D: Benedikt-Biograph erläutert den Zeitwende-Papst

Anfang Mai ist die neue Biographie von Peter Seewald über Benedikt XVI. erschienen. Das Buch umfasst knapp 1.200 Seiten und ist damit das umfangreichste Werk über das Leben des emeritierten Papstes. Unser Kollege Johannes Wieczorek von Radio Horeb hat mit dem Journalisten Peter Seewald über sein neues Werk gesprochen.

Er verstehe sein Buch als eine Quelle mit vielen bisher unbekannten Details aus dem Leben von Joseph Ratzinger/Benedikt XVI., erläutert Seewald im Interview mit Radio Horeb. Er habe 2012 mit dem Buch angefangen. „Es gab bisher keine Biographie in solcher Art. Es ist wie ein Kompendium“, so der Autor. Die Überraschung liege in vielen Details.

Man bekomme ein neues Bild des Papstes aus Bayern.
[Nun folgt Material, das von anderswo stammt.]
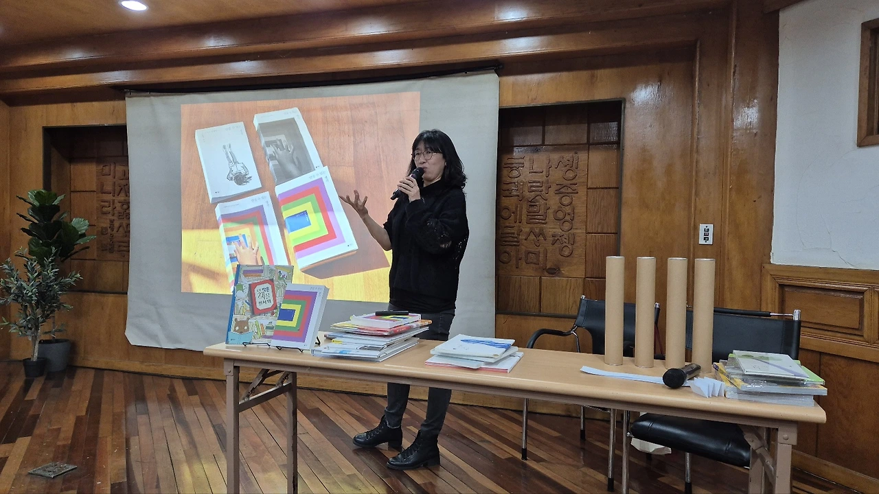 연수 둘째 날의 첫 시작은 베스트셀러 작가 이수지가 밝히는 에세이, <만질 수 있는 생각>에 관한 후일담이다. 작가는 그림책 작가로서의 불확실한 세계로 들어가기까지, 아이들의 육아에 맞춰 엄마와 작가의 역할을 재빠르게 바꾸며 작업하던 시절, 그리고 그림책에 대한 애정 하나로 버티며 그림책 작가로 성공하기까지 느꼈던 숱한 생각들을 만질 수 있는 한 권의 책으로 완성시켰다. 그녀는 엄마로서 작가로서 살아온 시간들이 쉽지 않았지만, 블로그 활동을 하며 그 시절의 감정들을 기록하고 해소했다고 한다. 그런 결과물이 쌓여 현재의 에세이로 탄생한 셈이다. 작가는 그 시절 사람들에게 가장 공감과 댓글을 많이 받았던 이야기가 바로 세상살이에 대한 힘듦과 푸념에 관한 내용이라고 말했다. 그녀는 사람들이 본인의 삶과 별반 다르지 않은, ‘너 역시도 똑같구나’라는 동질감에서 큰 위로를 받는 듯하다는 생각을 덧붙였다. 반짝이는 상상력을 중심으로 글 없는 그림책을 주로 쓰는 작가는 작품 속 빈 여백에서 독자들이 본인의 이야기를 넣을 수 있기를 바란다고 말했다. 한 마디로 이수지 작가는 ‘경계 마법사’라고 정리할 수 있다. 그녀에게는 그림을 매개로 꿈과 현실의 경계를 넘게 만드는 세상을 창조하고 독자들은 그 속에서 자신의 이야기를 만들 수 있다.
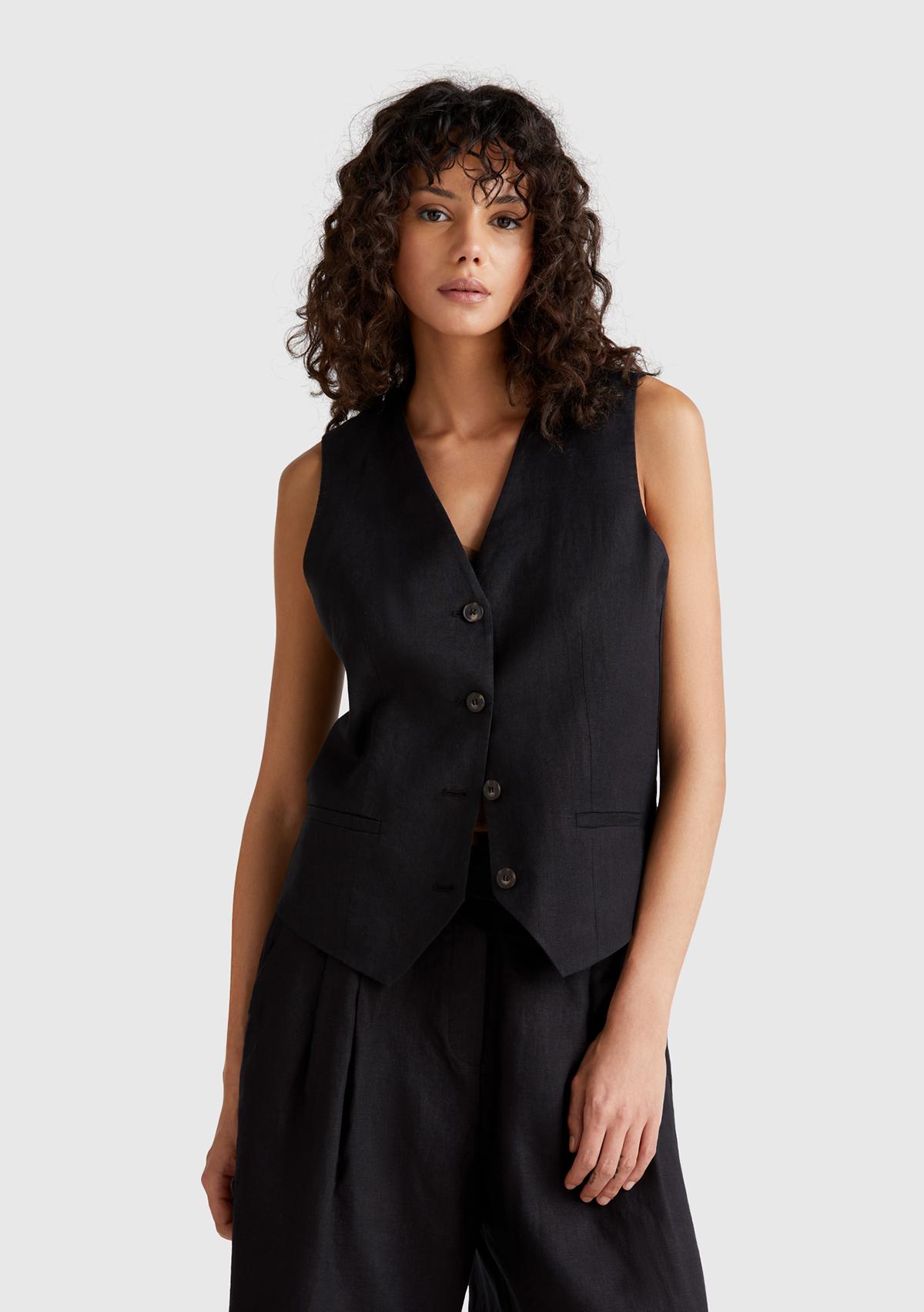 Kadın Siyah %100 Keten Önü Düğme İliklemeli V Yaka Yelek

Vor allem die Momente der Skandale wie die Williamson-Affäre oder Vatileaks scheinen im Nachhinein in einem anderen Licht. „Man sieht, mit welcher Manipulation und Absicht ein Falschbild verbreitet wurde“, sagt Seewald.

Zum Nachhören

Fünf Jahrzehnte an vorderster Front in der Kirche

Benedikt XVI. sei zu einem Zeitwende-Papst geworden. „Er ist nicht als junger Mann zum Papst gewählt worden. Er war fünf Jahrzehnte Erfahrung an vorderster Front in der Kirche“, erläutert der Biograph. So habe Ratzinger/Benedikt aus der persönlichen Erfahrung viel herausschöpfen können und viel in die Zukunft weisen können, indem er das Erbe seines Vorgängers Johannes Paul II. weitertragen konnte.

Die Herausforderung bestand für den Autor der Biographie darin, dass er als Nicht-Theologe auf ein Jahrhundert-Leben eines großen Theologen blicken durfte. So bestand die Herausforderung darin, das unüberblickbare Leben Ratzingers/Benedikts einzuordnen. „Das schwierigste Kapitel war jenes über das Zweite Vatikanische Konzil“, so Seewald. Er habe jenen Moment der Kirchengeschichte „nie so richtig verstanden“, gesteht der Autor. So sei es gar nicht so einfach gewesen, jenes Konzil so zu beschreiben, dass auch ein Nicht-Experte und Unwissender das verstehen würde.

Das Buch ist im Droemer-Knaur-Verlag erschienen und kostet 38 Euro.